I've noticed there are line breaks, as well as quotes, precisely on the problematic columns. Anyone has any idea why it's breaking? Or a better way to read all the columns in Python?
If I save the sheet to .csv and read_csv(), it breaks with an encoding error, which I suspect is the problem. BUT, if I try this:
df = pd.read_csv(csv_path, delimiter=';', encoding='latin1')
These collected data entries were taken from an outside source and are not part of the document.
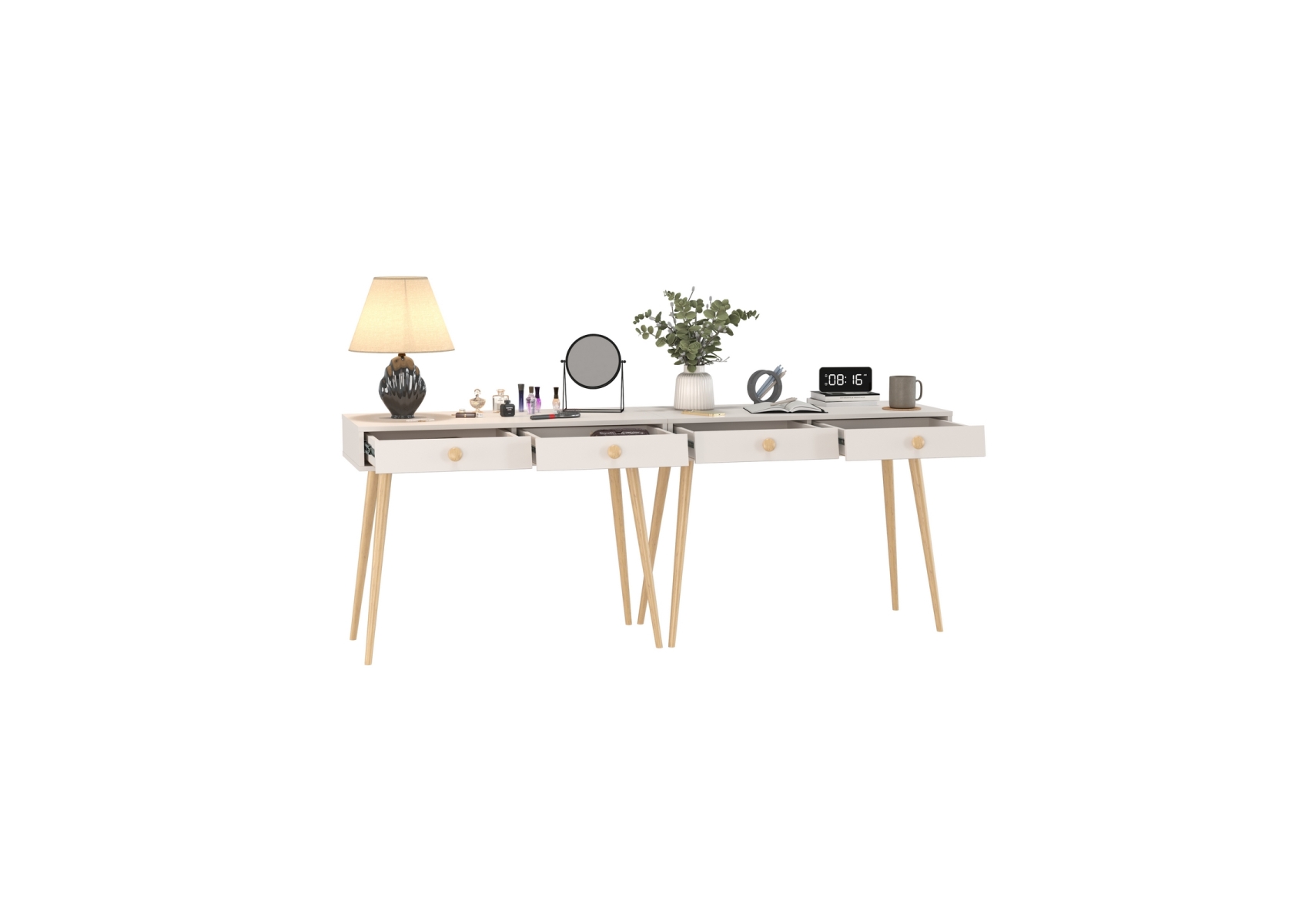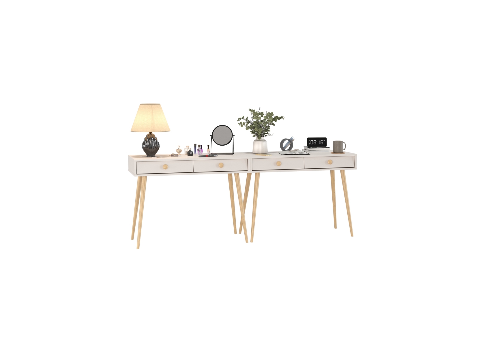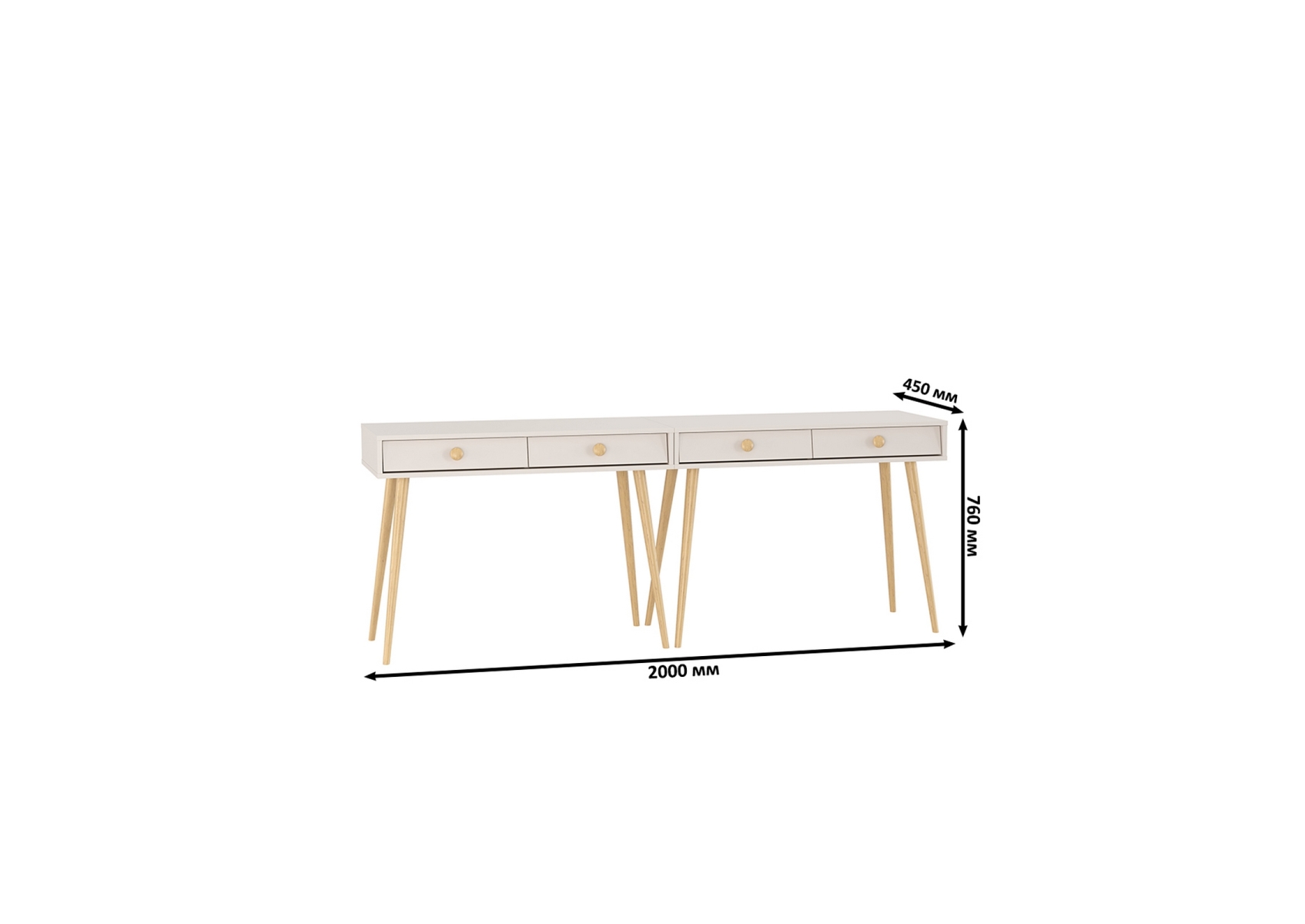 Два столика с ящиками и на красивых ножках Афина. Цвет - кашемир серый. Габариты комплекта (ШхГхВ) 200х45х76 см. Количество мебели - 2 шт. Каждый столик Афина 4-25904 (в комплектации 2 ед.) оборудован двумя выдвижными ящиками, которые идеально подходят для хранения нужных мелочей, аксессуаров или документов. Столики установлены на опоры высотой 60 см.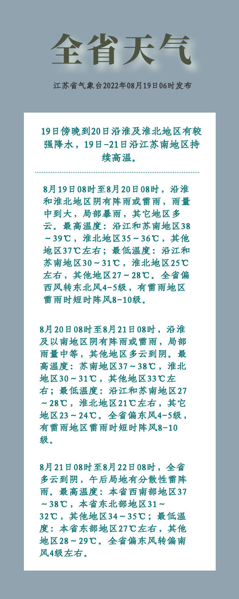 8月19日08时至8月20日08时,沿淮和淮北地区阴有阵雨或雷雨,雨量中到大,局部暴雨,其它地区多云。最高温度:沿江和苏南地区38~39℃,淮北地区35~36℃,其他地区37℃左右;最低温度:沿江和苏南地区30~31℃,淮北地区25℃左右,其他地区27~28℃。全省偏西风转东北风4-5级,有雷雨地区雷雨时短时阵风8-10级。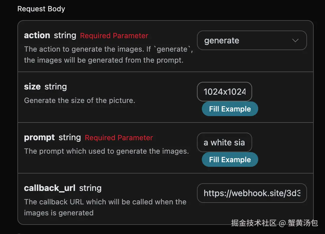 首先先了解下基本的使用方式,就是输入提示词 prompt、 生成行为 action、图片尺寸 size,便可获得处理后的结果,首先需要简单地传递一个 action 字段,它的值为 generate,然后我们还需要输入提示词,具体的内容如下:
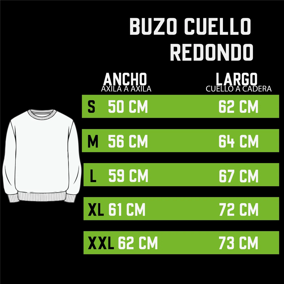 Estas medidas toman el ancho de sisa a sisa (axila a axila) y largo de hombro hasta finalizar la prenda. De este modo, podes tomar las medidas de una prenda, y corroborar cuál es el talle que te gustaría. (La medida la tomas desde una prenda, no el cuerpo)

It works! If I'm interpreting this correctly, this tells me that there might be a latin1 encoded line break that read_excel can't read. The problem is: read_excel() has no encoding argument. I've looked at the other possible arguments to read_excel, but nothing seems to help. Any help would be greatly appreciated.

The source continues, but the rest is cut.